Pratim le indicó al cocinero que preparara comida saludable y me animó a hacer ejercicio con regularidad. También comenzó a regresar temprano del trabajo y trató de sacarme a caminar, pero yo estaba decidido a sabotear todos sus esfuerzos. Todas nuestras supuestas caminatas de tres kilómetros terminarían abruptamente conmigo llorando después de apenas 300 metros y los fuertes brazos de Pratim llevándome de regreso a casa. Incluso gastó sus ahorros en una caminadora para animarme. Todas las noches antes de irnos a dormir, me aseguraba que me amaría aunque pesara 100 kilos. De alguna manera, esto solo empeoró mi miedo.

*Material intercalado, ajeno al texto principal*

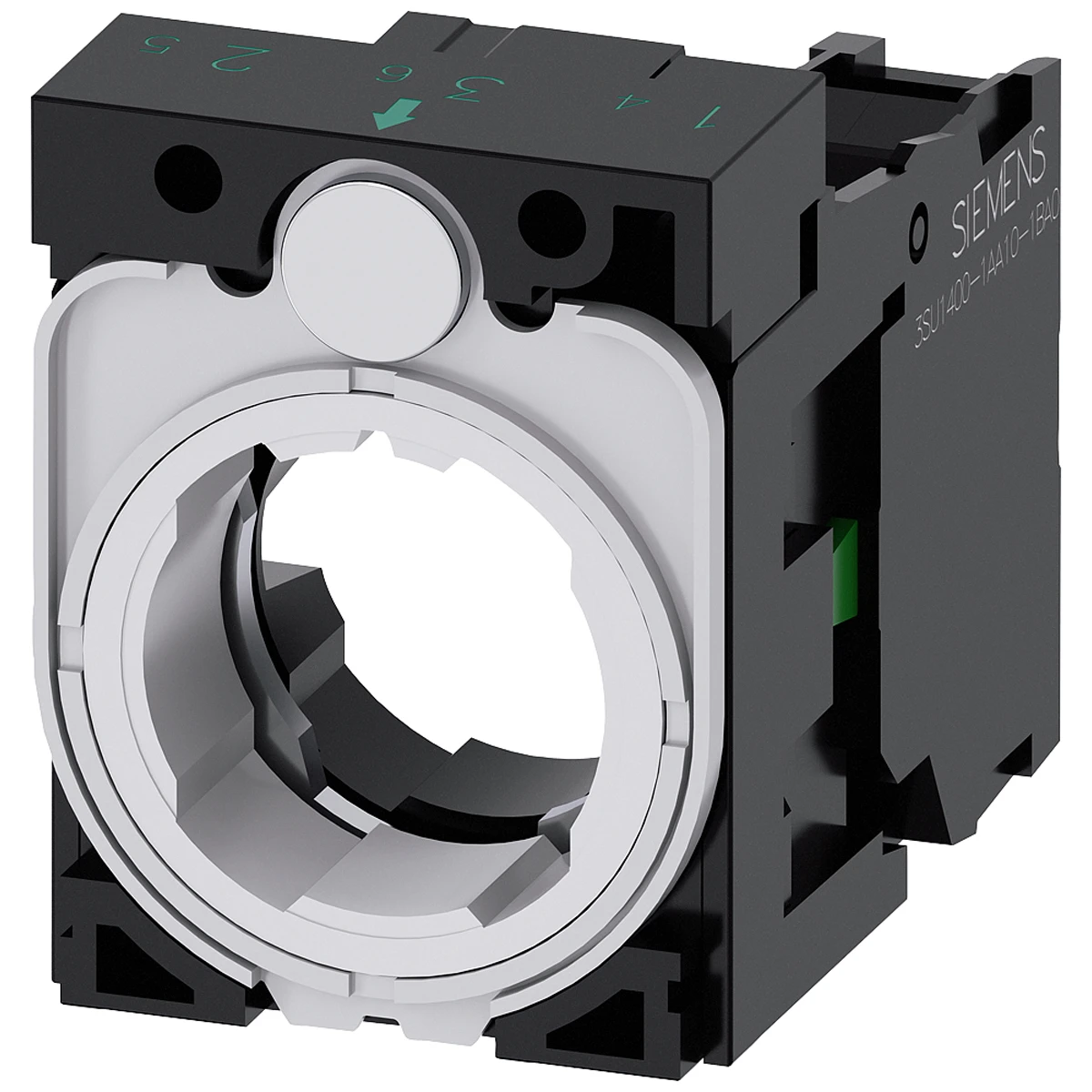 Siemens empty holder for up to 3 modules made up of a plastic housing. This unit has 1 NO auxiliary silver alloy contact. · · · Screw type terminals: 0.5-1.5mm² · · 6A Operating current (at 230V rated value) · · Insulation voltage rated 500V · · Front plate mounting · · Without positive opening · · Mechanical sevice life: 10 cycles · · IP20 Degree of protection · · Vibration resistance: 5g (10-500Hz) · · Shock resistance: 50g · · Ambient temperature: -25 to 70°C

Después de seis meses de inutilidad, una noche llegó a casa con un folleto rosa. Estaba convencido de que sería otra farsa y decidí ignorarlo. Sin embargo, estaba decidido a que esta era la solución ya que su colega había perdido saludablemente unos 6 kilos en un mes. En una alegre noche de domingo, llevó a su novia de aspecto pálido, cuyos brazos mostraban cortes como resultado de la depresión, al club de observadores de peso. Dentro de una habitación espaciosa había personas de todas las formas, tamaños y edades. Algunos eran calvos y gordos, mientras que otros eran adolescentes delgados como palos. Nos entregaron tablas, que asignaban estrellas a cada alimento posible. Nos dijeron que nuestras comidas no podían superar las 18-20 estrellas. Una manzana equivalía a tres estrellas mientras que un trozo de chocolate valía siete. Supuse que una rebanada de pizza me costaría la galaxia entera.
Con él constantemente a mi lado, vigilando mi ingesta de alimentos e incorporando lentamente regímenes de ejercicios en mi horario, comencé a perder algo de flacidez. Nunca faltó un día al club de observadores de peso donde apreciamos a todos los que habían perdido algunos kilos y jugamos juegos interactivos. Sostuvo mi mano mientras caminábamos de regreso todos los días.
En dos meses había perdido unos siete kilos, lo que era suficiente para mí. Más que el peso que había perdido, fue él sacándome del laberinto de pesimismo y abatimiento en el que me había atrapado, lo que encontré más satisfactorio.